This narrative review was conducted to assess the literature with a focus on machine learning methods and their use to classify CT images during the COVID-19 pandemic, not to answer a specific research question. This review gathered a group of literature articles on the above-mentioned topic in a qualitative manner. In addition, a quantitative analysis of the literature or its quality was not the main aim of this study. The selection of articles was based on the following inclusion and exclusion criteria.

Eligibility criteria

Only full-text articles on applying machine learning methods to COVID-19 detection based on CT scans were included. The selected articles were published in English between January 1, 2021, and December 31, 2023.

Exclusion criteria

Preprints, conference abstracts, books, book chapters, notes, technical reports, as well as studies not addressing the scientific knowledge about applying machine learning methods to detect COVID-19 based on CT scans were excluded.

Information source and search strategy

The following query was used for searching PubMed (November 24th, 2023): machine learning AND computed tomography AND image classification AND COVID-19.

Selection of studies

Articles that appeared to meet the inclusion criteria were selected for full reading to determine their eligibility. Supplementary articles were included after checking their reference lists.

Data collection

The initial number of articles was 213 but it was reduced to 60 after applying exclusion criteria. The thorough reading and critical evaluation of article content resulted in the selection of the 40 most relevant articles (Figure 1).


Figure 1
The procedure of article selection (studies from around the world (2019-2023).

RESULTS

Segmentation and augmentation

Among the five models (U-Net, LinkNet, R2U-Net, Attention U-Net, and U-Net++),12 the highest values were achieved by LinkNet for Dice coefficient (DC) and intersection over union (IoU) for lung segmentation (0.980 and 0.967, respectively), whereas R2U-Net showed the lowest values (0.962 and 0.928, respectively).9 The lung area was also segmented from the small cohort of CT images with BCDU-Net,22 which was inspired by U-Net23 and involved bi-directional convolutional long short-term memory (ConvLSTM) with densely connected convolutions. In other studies, candidate infected regions were segmented from pulmonary CT images, using a 3D deep learning (DL) model (region proposal network)14 or Visual Basic NET (VB-Net), followed by various classification methods [convolutional neural networks (CNN) and inception network or random forest (RF)].13 The authors developed a VB-Net algorithm, which combined the V-Net model with the bottleneck layer, thus integrating the fine-grained COVID-19 image features, reducing the number of feature mapping channels, and effectively increasing the convolution speed. Dynamic fusion segmentation network (DFSN) is another image segmentation method,18 whose IoU and DC values were 0.800 and 0.530, respectively. The first component of this system automatically segmented infection-related pixels and served as the backbone to extract dynamically selected pixel-level information, which was used to make a final diagnosis. Other authors24 used a semi-supervised lung infection segmentation deep network (Inf-Net) for chest CT images, including a parallel partial decoder to aggregate high-level features.10 They obtained a slightly lower accuracy for non-infected CT regions and applied an additional classifier to improve the overall model performance.

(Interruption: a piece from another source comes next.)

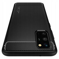 W całości stworzone z przyjemnego w dotyku poliuretanu (TPU), jednak górna i dolna część pleców etui pokryta jest teksturą włókna węglowego, co nadaje pokrowcowi niezwykle pancernego i militarnego charakteru. Nie bez powodu, ponieważ model Rugged Armor posiada militarny certyfikat MIL-STD-810G. Świetnie chroni w codziennym użytkowaniu przed zarysowaniami i pęknięciami, przez co możesz zacząć bez obaw użytkować swojego smartfona. Dodatkowo niewielka grubość i całość wykonana z TPU pozwala na pewniejszy chwyt i brak obawy o wyślizgnięcie się urządzenia z dłoni. Ramka delikatnie unosi ekran smartfona, dzięki czemu zapobiegasz jego rysowaniu się gdy położysz smartfon ekranem do płaskiej powierzchni.

Lung-lesion maps were obtained from input images processed by different segmentation networks (U-net, DRUNET, FCN, SegNet, and DeepLabv3).5,25 Pre-trained 2D UNet,26 unsupervised lung segmentation (Shift3D),27 entire-lung segmentation (followed by resizing, bin discretization, and radiomic feature extraction),28 k-means clustering with gray level co-occurrence matrices (for extracting regions of interest and textural features),29 and a segmentation network within the DL framework (for segmenting lung and lesion areas, thus extracting spatiotemporal information from multiple CT scans to perform auxiliary diagnosis)30 were also used for image segmentation. In another study,31 over-segmentation mean shift was followed by a superpixel-simple linear iterative clustering algorithm for pulmonary parenchyma segmentation. Each superpixel cluster was described according to its position, grey intensity, second-order texture, and spatial-context-saliency features. Subsequently, the watershed segmentation was applied to the mean-shift clusters to identify ground-glass opacity and pulmonary infiltrates only in the pulmonary parenchyma segmentation-indicated zones. Application of the EfficientNet and EfficientDet networks19 yielded DC values of 0.980 and 0.730 for lung and COVID-19 segmentation, respectively, whereas a DC of 0.590 was reported for a Unet-like architecture with backbone residual network (ResNet-34).32 Finally, a DC of 0.575 was obtained using a weakly-supervised method based on a generative adversarial network (GAN),33 whereas a multitask model outperformed individual segmentation models for the joint segmentation of pulmonary lesions.34

To prevent overfitting, data augmentation and transfer learning (TL) can be used. The former includes translation, horizontal (and vertical) flipping, and random rotation to enhance the accuracy of model prediction.5 Augmentation may reduce class imbalance or data scarcity problems.5,10 Some authors3,9 applied facile image transformation (scaling, rotation, and flipping) resources to increase the number of records, whereas others35 improved the representational learning capability by distortion, painting, and perspective transformation. Finally, GAN was used in two studies on data augmentation.33,36 The first one involved GAN hyperparameter tuning with the whale optimization algorithm to avoid overfitting and instability, whereas the second one used image-level labels to generate normal-looking CT slices (from those with COVID-19 lesions), whose reality was improved with a feature match strategy.

Classification

An open-source framework consisting of several DL algorithms differentiated COVID-19 from community-acquired pneumonia and other lung diseases.22 It could deal with heterogeneous data and small sample sizes irrespective of the CT image source. To increase accuracy and decrease logarithmic loss and testing time, another study used augmented data to train CNN and ConvLSTM-based DL models. They were compared with traditional machine learning (ML) models [support vector machines (SVM) and k-nearest neighbors (k-NN)], and their performance was lower. 3 COVID-19 probability was also predicted using a weakly supervised DL model based on 3D CT volumes from the segmented 3D lung regions.26 Lung lesions were determined from activation regions in a classification network and unsupervised connected components.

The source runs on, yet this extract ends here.